Excess weight and COVID-19
The launch of the Better Health campaign was preceded by the release of a report by Public Health England, which indicated that the risk of severe illness and death from COVID-19 is significantly exacerbated by obesity and excess weight. Drawing on data from studies conducted around the world, the ‘Excess weight and COVID-19’ report determined that being severely overweight drastically increases the risk of a COVID-19 patient needing hospital treatment or intensive care, as well as their likelihood of dying from the virus; and that the risk increases the higher a patient’s body mass index (BMI) is. Excess weight does not appear to heighten people’s risk of contracting COVID-19 in the first place, however.
Around 63% of adults in the UK are living with excess weight in proportion to their height, with higher proportions of excess weight and obesity reported in the 55-74 age bracket, among some BAME populations and in areas of high economic deprivation. Excess weight is a risk factor for a number of acute and chronic health conditions, including some cancer types; liver disease; respiratory conditions; cardiovascular issues; and type 2 diabetes. Patients with obesity have a lowered average life expectancy and lower quality of life.
One of the studies covered in the report found that COVID-19 patients with BMIs between 35 and 40 had a 40% higher risk of death than patients in the healthy BMI range of 18.5 to 24.9, while patients with BMIs higher than 40 were 90% more likely to die from the virus than those in the healthy range. Intensive care units reported higher proportions of obese patients who were critically ill with COVID-19 than the national average: 2.9% of the general population have a BMI over 40, whereas in intensive care COVID-19 admissions the percentage rose to 7.9%.

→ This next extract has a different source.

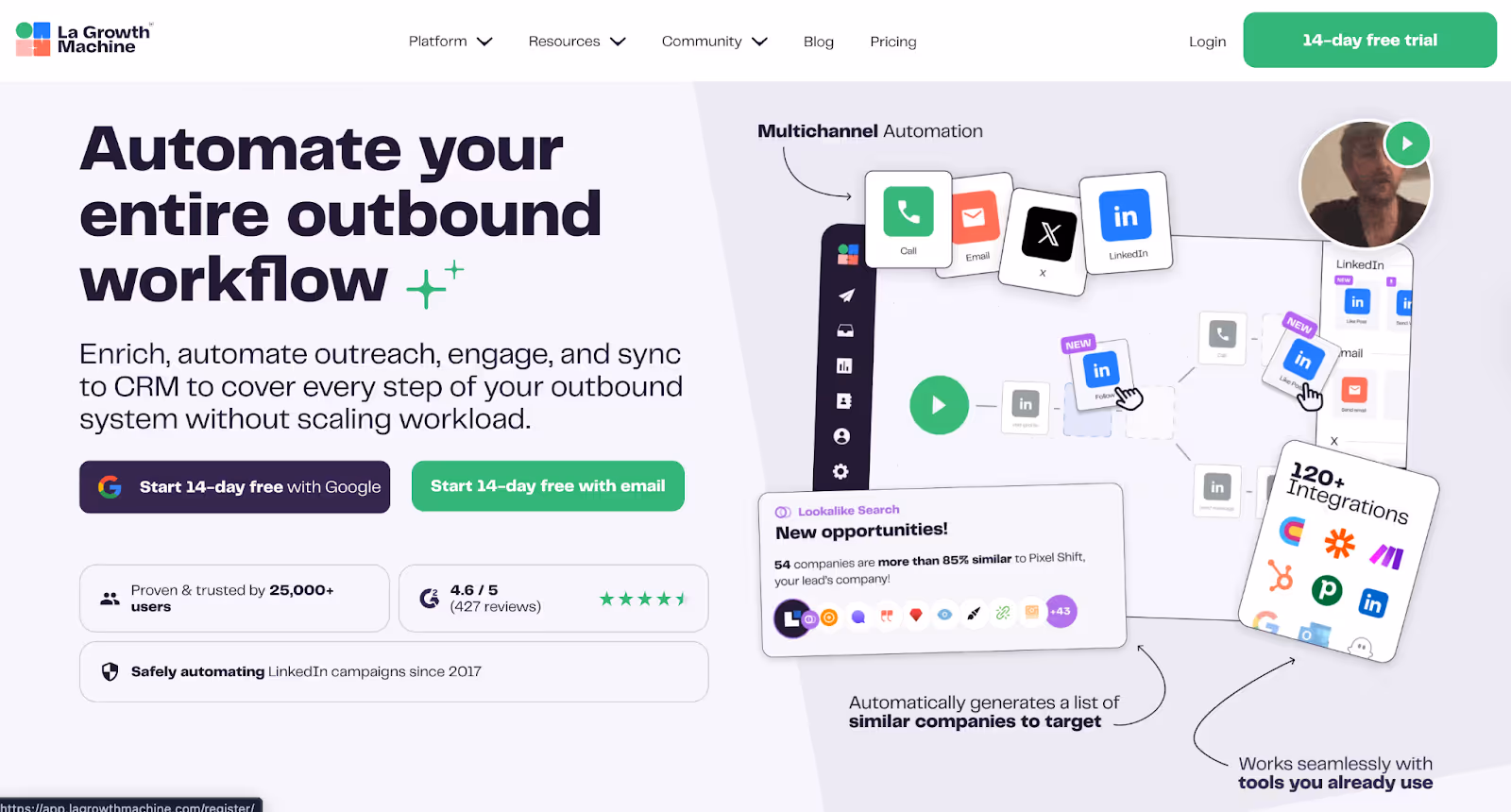 Why It Stands Out: La Growth Machine is an all-in-one multichannel prospecting platform that automates outreach across LinkedIn, email, voice messages, and X (formerly Twitter). Its greatest strength is its deep LinkedIn integration, allowing users to send automated voice messages, perform social warming (auto-likes and follows), and target prospects based on LinkedIn intent data (e.g., people who liked a certain post or attended an event). Its waterfall email enrichment ensures high data accuracy, and the unified inbox centralizes all conversations, making it a powerful tool for teams looking to boost reply rates beyond email-only campaigns.

Understanding the links between COVID-19 and obesity
While no research to date has determined precisely why excess weight and obesity are closely linked to COVID-19 outcomes, the report identified a number of ‘plausible mechanisms’ which may go some way towards explaining the link:
- Excess weight is associated with certain comorbidities which appear to exacerbate the symptoms of COVID-19, including type 2 diabetes, cardiovascular diseases and respiratory conditions
- The presence of excess adipose tissue in the body can inhibit the healthy functioning of the respiratory and cardiovascular systems, enhance inflammatory responses, and trigger metabolic dysfunction and impaired response to infection
- Socioeconomic and demographic factors which are associated with a higher risk of obesity are also associated with increased severity of COVID-19 cases
- Patients living with excess weight and obesity may encounter or perceive a degree of stigma which could increase their reluctance to seek treatment
Chief Nutritionist at Public Health England Dr Alison Tedstone said: “The current evidence is clear that being overweight or obese puts you at greater risk of serious illness or death from COVID-19, as well as from many other life-threatening diseases. It can be hard to lose weight and even harder to sustain it, which is why people cannot easily do it on their own. Losing weight can bring huge benefits for health – and may also help protect against the health risks of COVID-19. The case for action on obesity has never been stronger.”